The primordial iris probably had purple flowers that were pollinated by...

The primordial iris probably had purple flowers that were pollinated by...
The primordial iris probably had purple flowers that were pollinated by...
IMAGE: Ausgewählte Irisarten. (A) I. Atropurpurea; (B) I. bismarckiana; (C) I. fulva; (D) I. history; (E) I. Loretti; (F) I. lutescens; (G) I. Mesopotamia; (H) I. Petrana; (I) I. pumila; (J)… Ansicht More

Photo credit: the authors

The genus Iris of flowering plants – named after the Greek rainbow goddess due to the different flower color – comprises over 300 species in the northern hemisphere, some of which are endangered or (critically) endangered on the IUCN’s Red List of Threatened Species. Due to the poor fossil record, it is not yet known when the iris first emerged, but scientists believe the genus is only a few million years old and has its closest living relatives in what is now southern Africa.

“We wanted to investigate the factors that influence and maintain the outstanding evolutionary divergence in Iris, a young but very diverse group.
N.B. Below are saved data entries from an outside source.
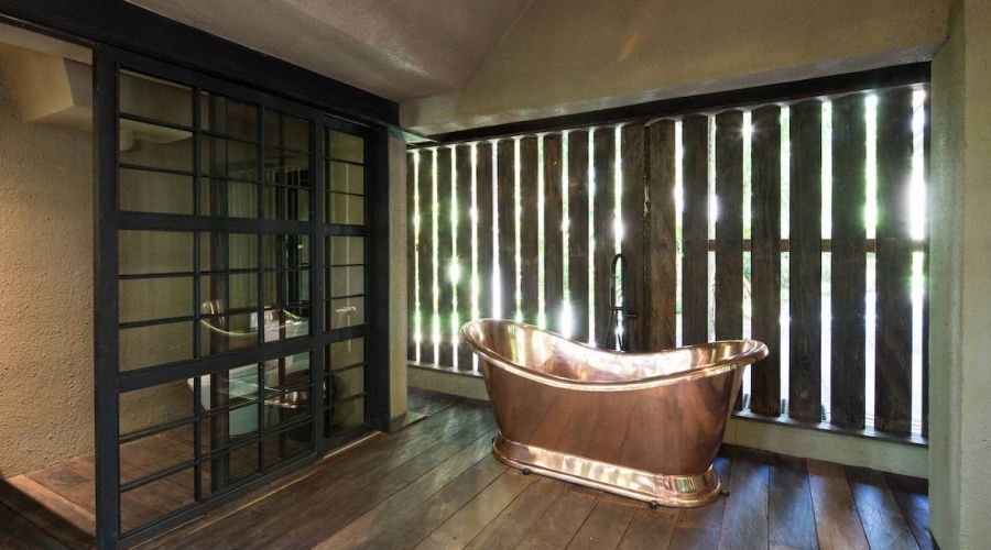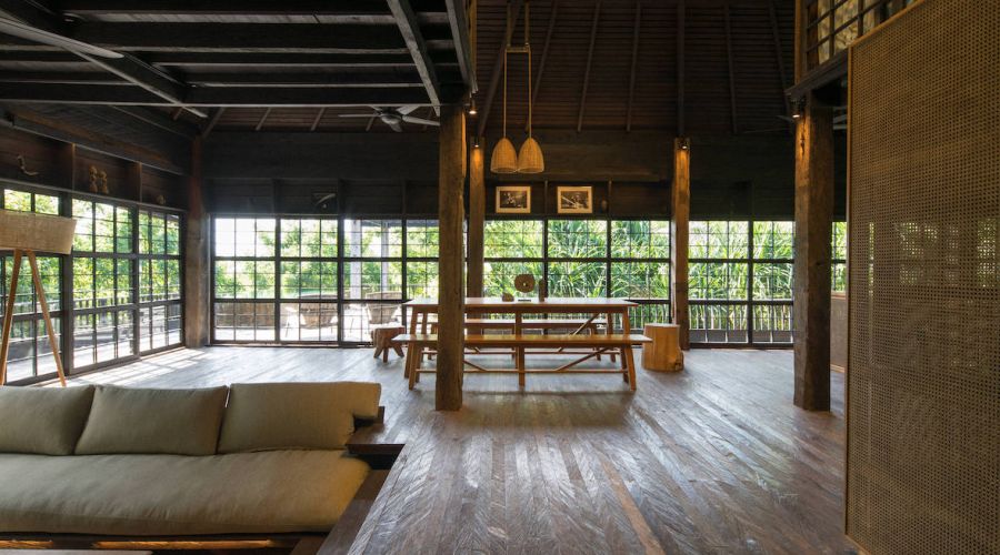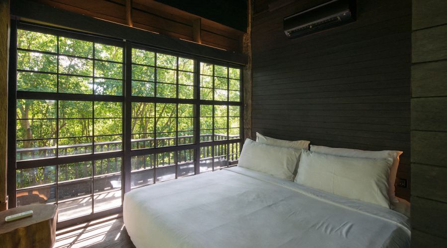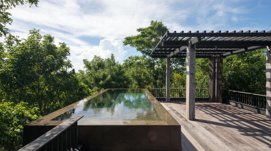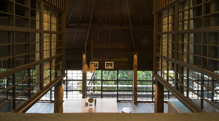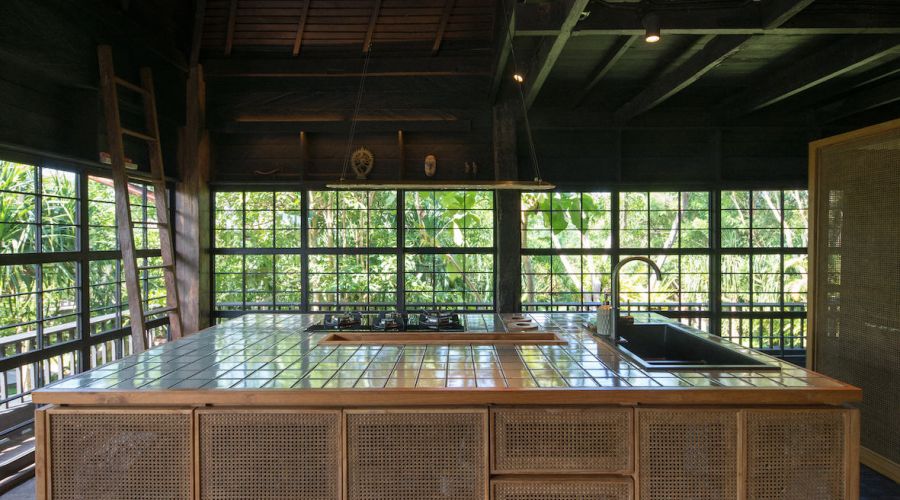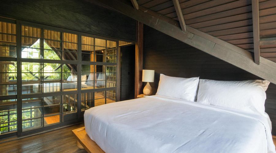This four bedroom villa has a distinctive architectural style with Japanese influences. Made entirely of dark wood with plenty of different areas to rest, play, and enjoy. The ground floor features a glassed-in private one bedroom with king bed. The second floor houses the master king bedroom nestled in next to the garden. The kitchen is chic and complete, made for daily living, with a beautiful and comfortable sunken living area. The second floor opens into an outdoor living and dining area with a lifted saltwater pool. The two king bedrooms on the third floor have large triangular windows taking full advantage of the views.
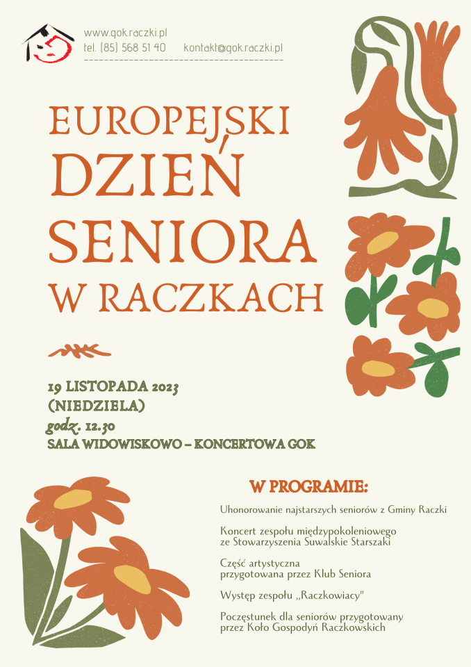 Obchody Europejskiego Dnia Seniora w Gminnym Ośrodku Kultury w Raczkach odbędą się w niedzielę,19 listopada, w sali widowiskowo - koncertowej Gminnego Ośrodka Kultury. Początek o 12.30.
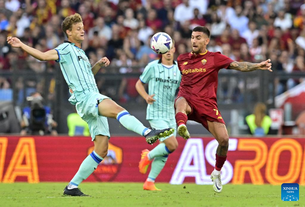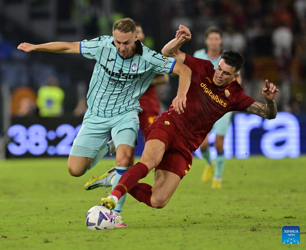 Roma's Lorenzo Pellegrini (R) vies with Atalanta's Giorgio Scalvini during a Serie A football match between Roma and Atalanta in Rome, Italy, on Sept. 18, 2022. (Photo by Augusto Casasoli/Xinhua)
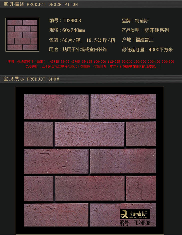 厂家直销 劈开砖 外墙劈开砖 陶土劈开砖 窑变砖
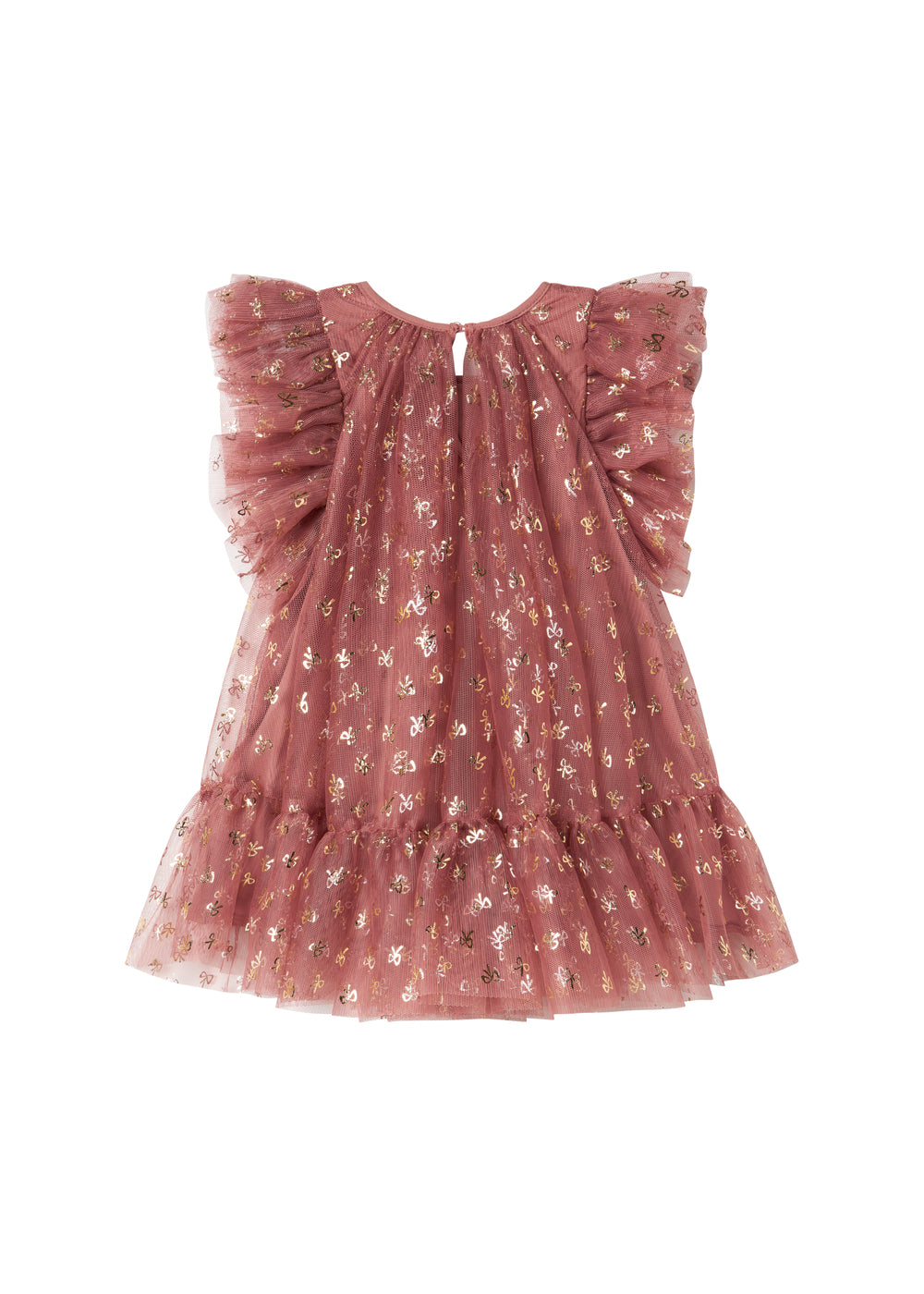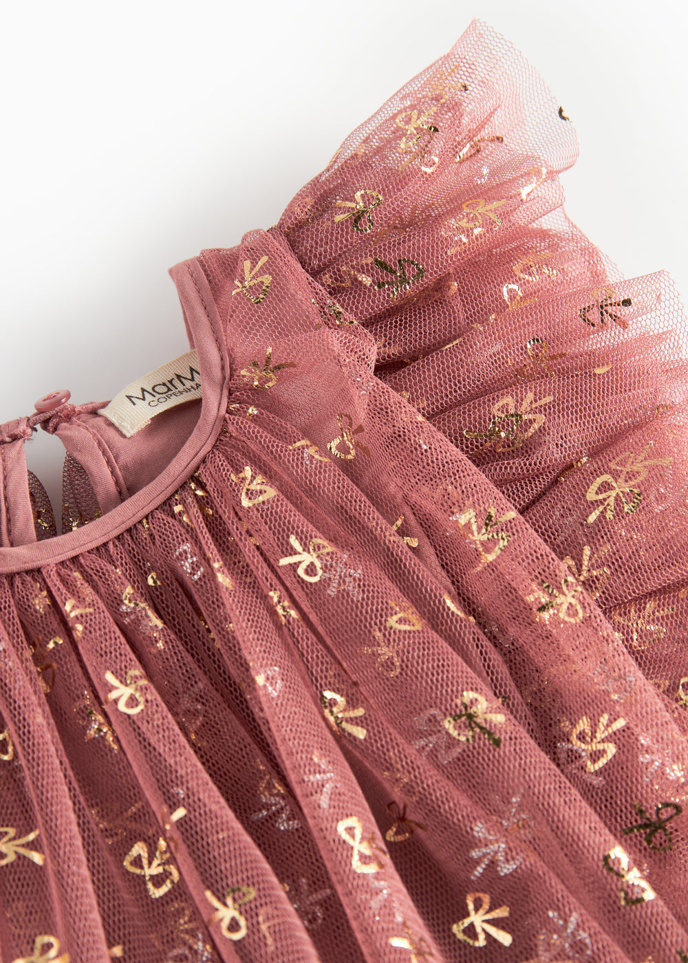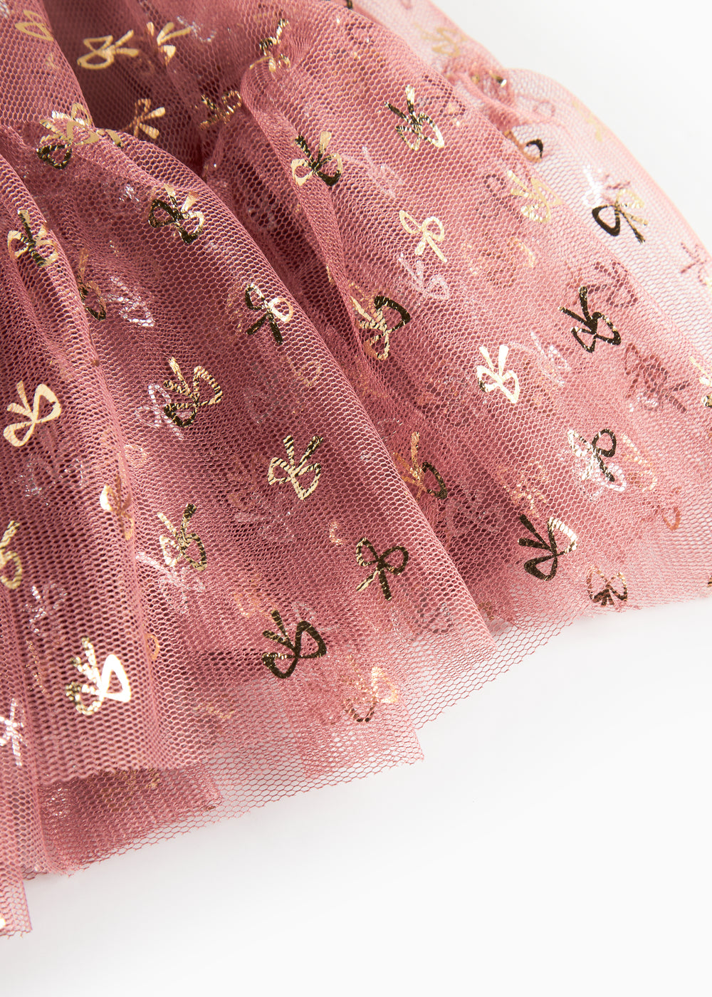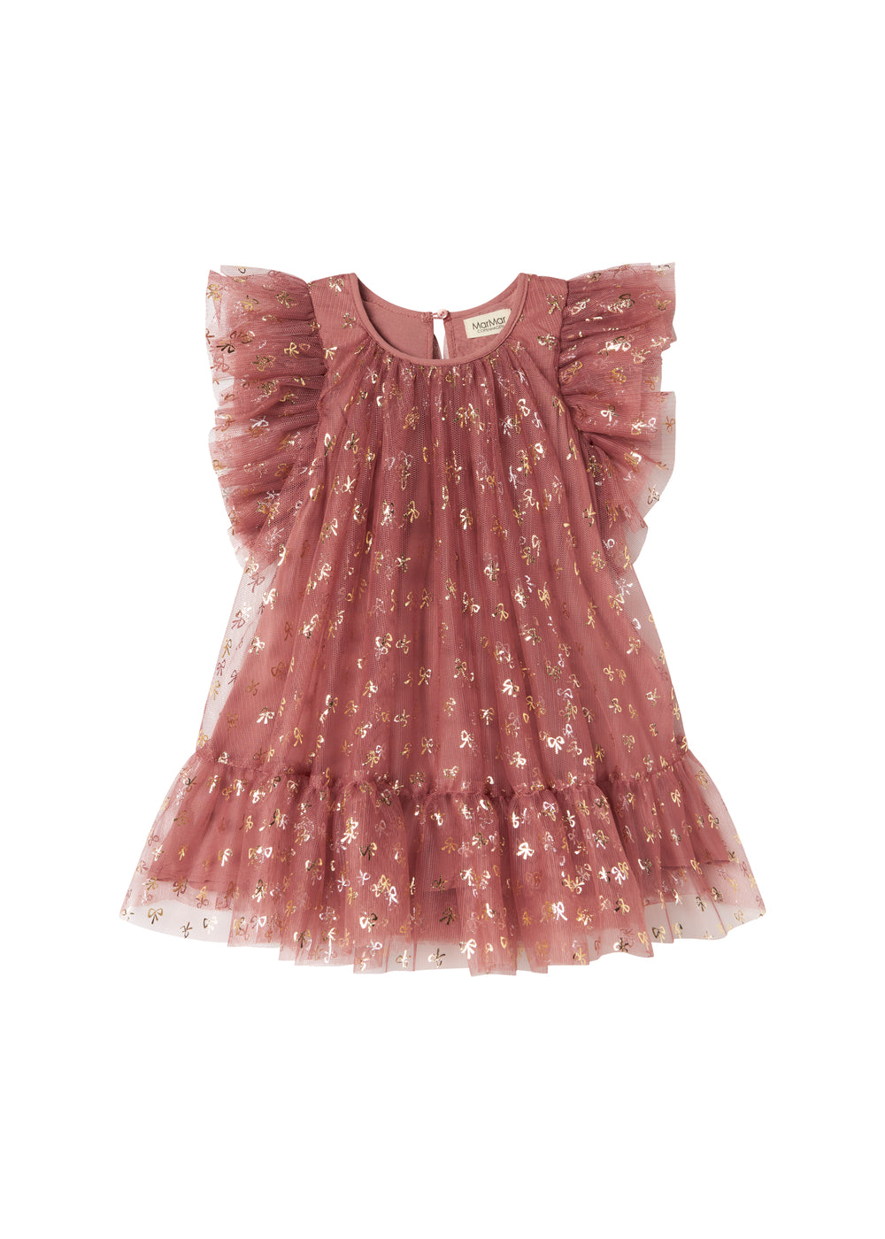 Rosa festlig babykjole i tyl med flæser og guldprint
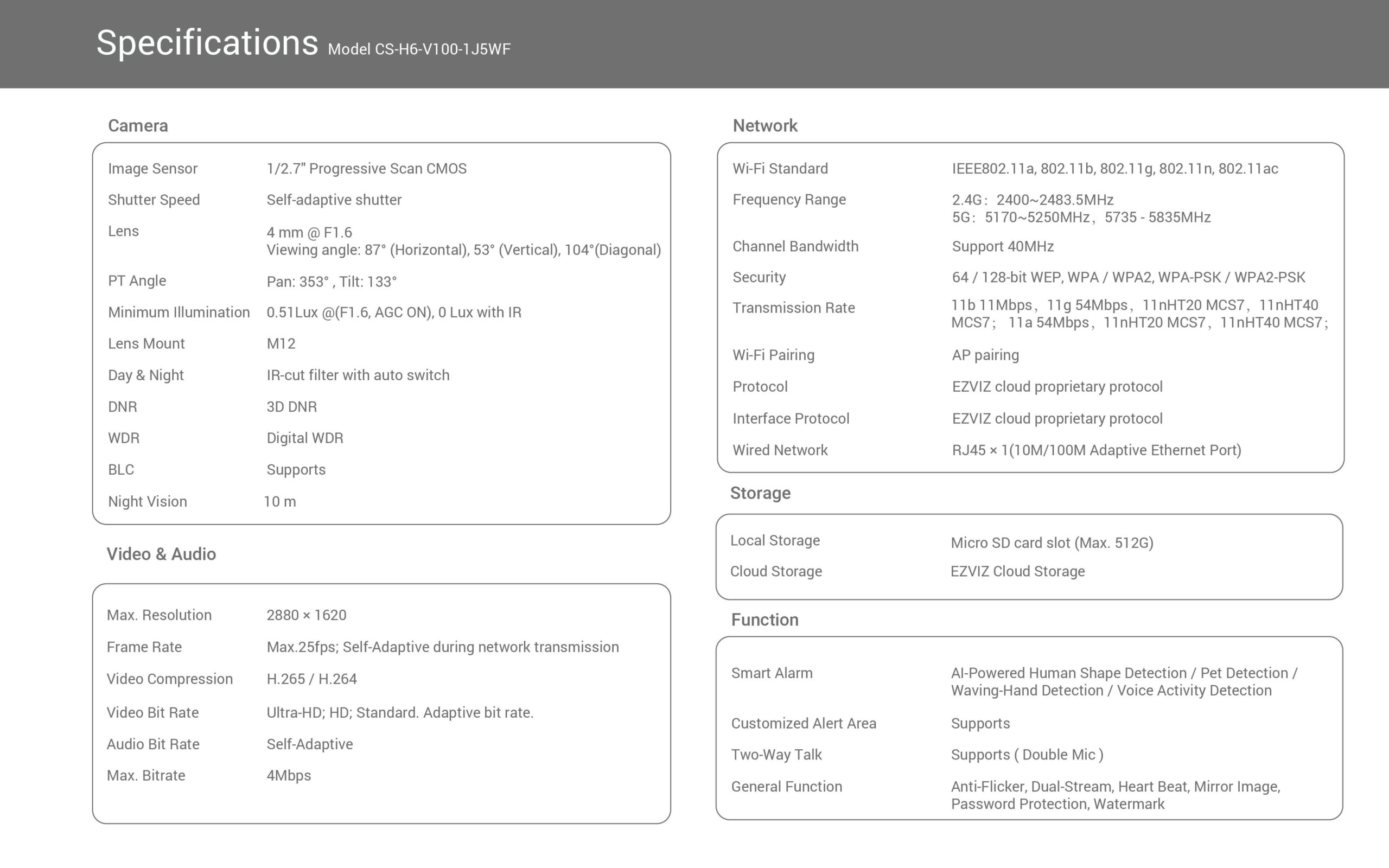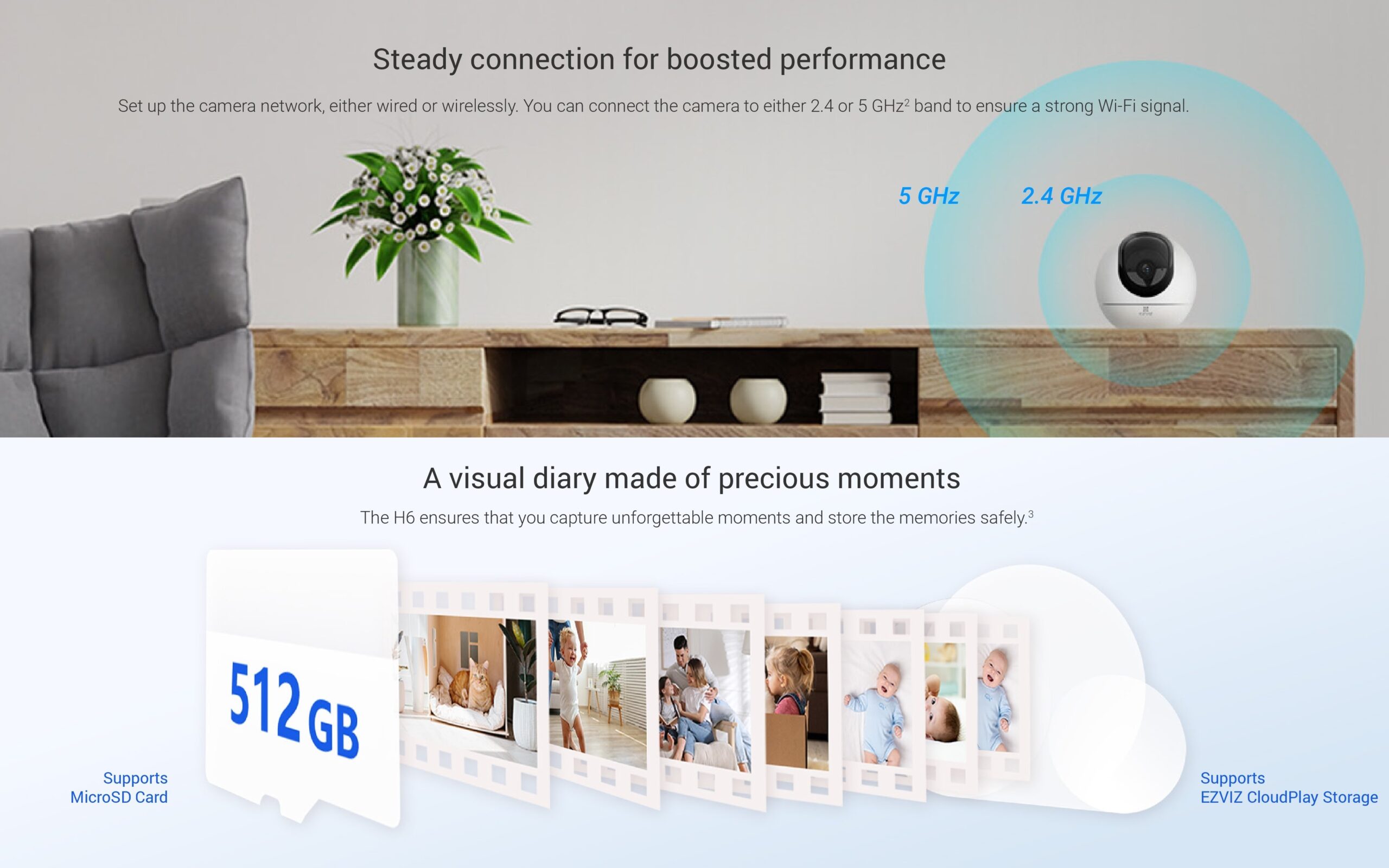 - Supports MicroSD Card (Up to 512 GB) & EZVIZ CloudPlay Storage
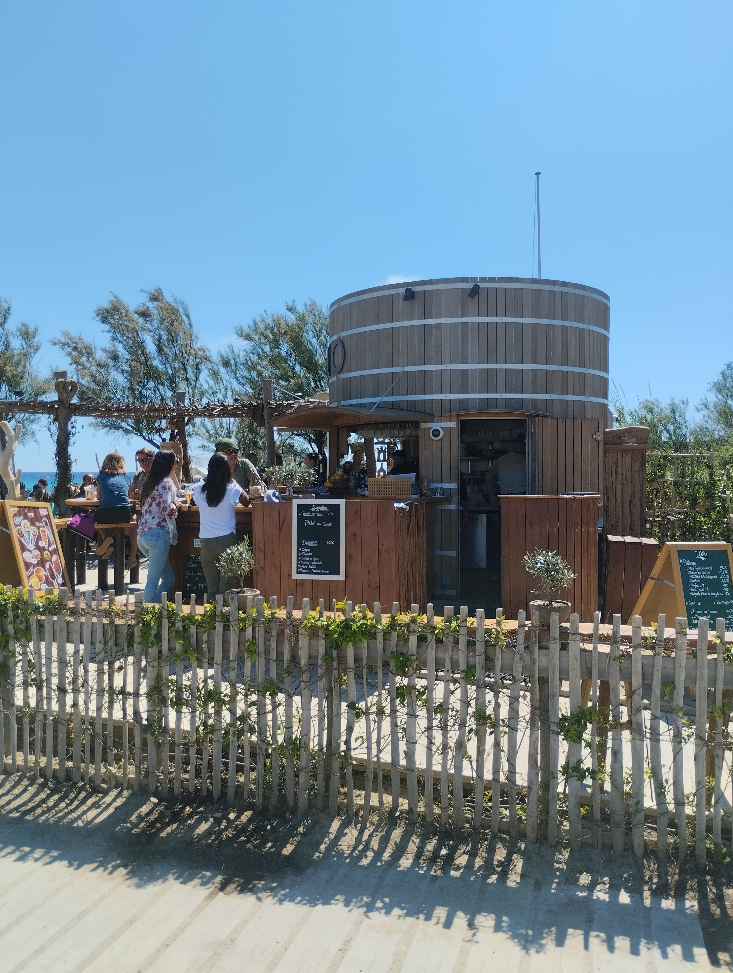 Beau bar de plage. Plats délicieux et service sympathique. Tout est très soigné, des gens passionnés. Ça vaut vraiment le coup !!

We were particularly interested in the development of flower color and morphology as these are key characteristics for pollinator attraction, ”says Dr. Yuval Sapir from the School of Plant Sciences at Tel Aviv University, Israel, corresponding author of a new study in the Open Access Journal Limits of Plant Sciences.

Modern iris species mostly live in (semi) deserts or mountainous environments, although some specialize in damp or humid habitats. They are usually pollinated by insects, but some species are visited by birds and are often capable of self-fertilization (“self-compatible”). Its flowers have three upright petals, the “standards”, and three drooping sepals, the “falls”. Standards and falls are not always the same color and can be dark purple, purple, pink, yellow, or white. Their lower parts form a pollination tunnel that contains both stamens and stamens, the entrance of which can be marked by a ridge or “ridge” that is part of the falls. It is believed that combs act as guides to guide potential pollinators to reward them with nectar or pollen. Falls can also carry a raised hairy area called the “beard”, which may have a similar function. Some species do not produce nectar, but offer a different kind of reward for insects: safe shelter in flowers that warm up in the morning. Such species often have a dark “spot” on the falls that can play a role in raising or maintaining a higher internal temperature.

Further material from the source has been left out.